According to IT Juzi statistics, the top-funded robot companies in the first half of 2025 were Universal Robotics, Neolix, Yuanding Intelligence (pool robot), Zibian Robot, and Unitree Robotics.
Excluding Neolix and Yuanding Intelligence, which have a weaker association with embodied intelligence, it's intriguing to note that Universal Robotics and Zibian Robot, both exuding a strong "scientist aura," surpassed the funding scale of the established Unitree Robotics.
This underscores the allure of scientist-led enterprises in the capital market.
Among the 32 core companies in the embodied intelligence sector we analyzed, 16 were founded or led by scientists from prestigious universities like Tsinghua, Peking, Shanghai Jiao Tong, Zhejiang, Harbin Institute of Technology, and overseas institutions such as Berkeley and Stanford.
Their previous domains were laboratories and academic conferences, where their achievements were papers, codes, and prototypes. Now, they lead the industry frontier, pulling robots out of the ivory tower and into factories, homes, and society.

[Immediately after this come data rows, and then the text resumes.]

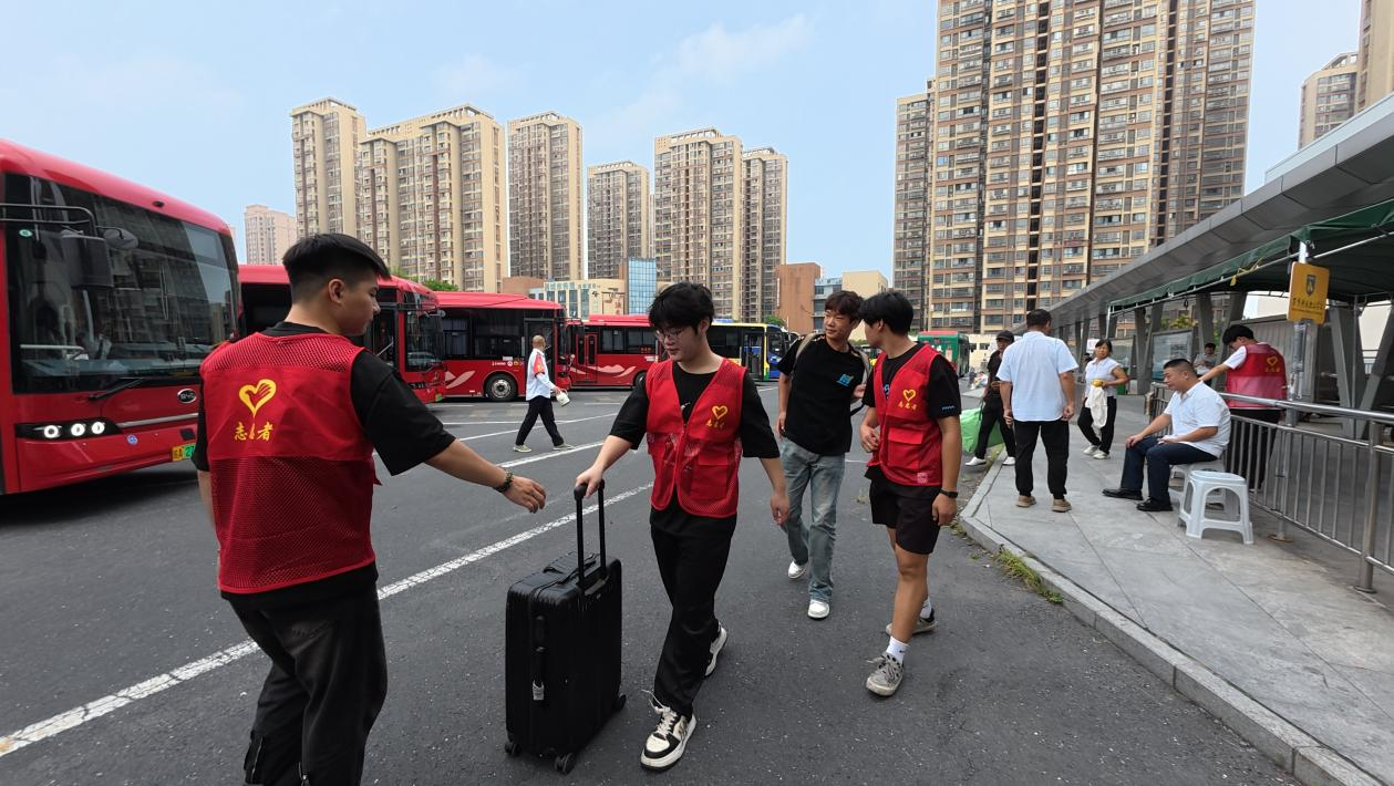 合肥汽车客运西站、合肥火车站、合肥南站、合肥客运中心站成为迎新的第一线。志愿者们统一着装,手举标识牌🤾🏻♀️,耐心为新生指引路线,并安排他们乘坐前往学校的接驳车🧒🏽📵。校门口💇🏻♂️,志愿者们主动上前,从新同学和家长手中接过沉重的行李🧗🏻♂️,并引导大家前往报到地点👶🏻。
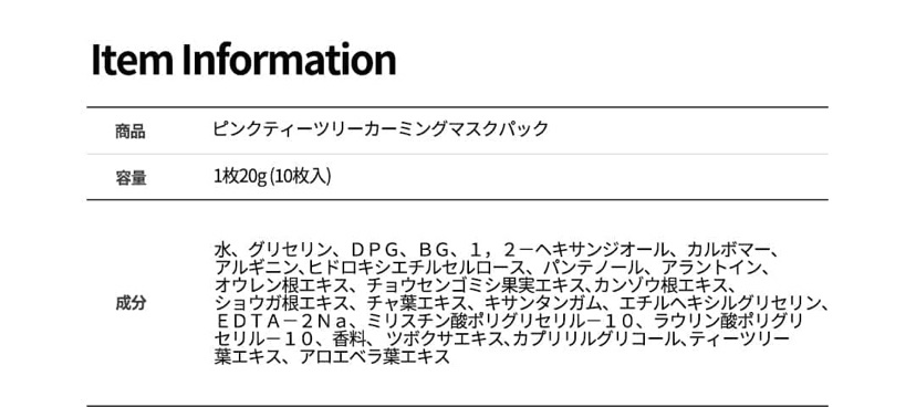 商品詳細情報APLIN ピンクティーツリーマスクパック
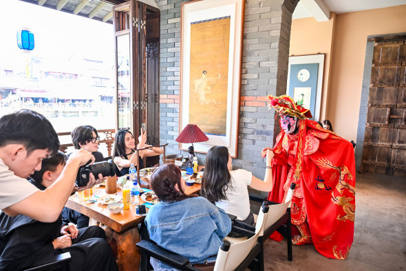 3月26日,这些海内外博主来到青浦朱家角古镇,在课植园里观赏实景昆曲《牡丹亭》,在漕港河上坐摇橹船、观看船拳、赏古建筑,在江南第一茶楼里品香茗、听评弹,领略川剧变脸、青浦稻草编结制作技艺等精彩非遗活动,沉浸式感受江南古镇的独特韵味。
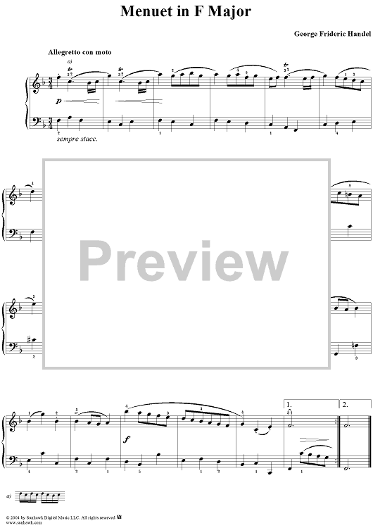 Digital Sheet Music for 7 Pieces: No. 7, Menuet in F Major by George Frideric Handel scored for Piano Solo; id:295309

Scientists embody the cutting edge of academic research but also face the most challenging task: transitioning scientific research into commercial applications. Their strength lies in the former, while the latter presents the greatest uncertainty on their entrepreneurial journey.
They have forged distinct technological paths, with both consensus and divergence.
Tsinghua Talent as the Mainstay
We analyzed the backgrounds of 16 scientist-led startups in embodied intelligence, identifying 32 core entrepreneurs. Their academic backgrounds are concentrated in five top domestic and international universities and research institutions: Tsinghua University, Zhejiang University, Chinese Academy of Sciences, Harbin Institute of Technology, and Stanford University.
This is not surprising. In the 1990s, China initiated research on intelligent robots, with Tsinghua University, Zhejiang University, Chinese Academy of Sciences, and Harbin Institute of Technology among the pioneers, establishing robot projects, laboratories, or research institutes focused on mechanical design, robot control, and intelligent perception.
Tsinghua University founded the country's first intelligent robot laboratory in 1985. In 2004, the Tsinghua Robot Football Team emerged, later evolving into the "Tsinghua Vulcan Team," renowned for its achievements in RoboCup. Zhao Mingguo, co-founder and chief scientist of Accelerated Evolution, is the founder of the "Tsinghua Vulcan Team" and has long led the team in competitions.
Zhejiang University began research on humanoid robots in 2006, launching the "Wukong" series, overcoming challenges like dynamic balance and full-body coordinated control. "Wukong I" can even engage in hundreds of rounds of table tennis matches with humans or robots.
The Shenyang Institute of Automation under the Chinese Academy of Sciences is known as the "cradle of China's robot industry." In 1989, the Open Research Laboratory of Robotics at the Chinese Academy of Sciences, relying on the Shenyang Institute of Automation, was formally established and later approved as a State Key Laboratory of Robotics in 2007.
Stanford University has an even longer history, establishing an artificial intelligence laboratory in the 1960s to explore the integration of robots and AI.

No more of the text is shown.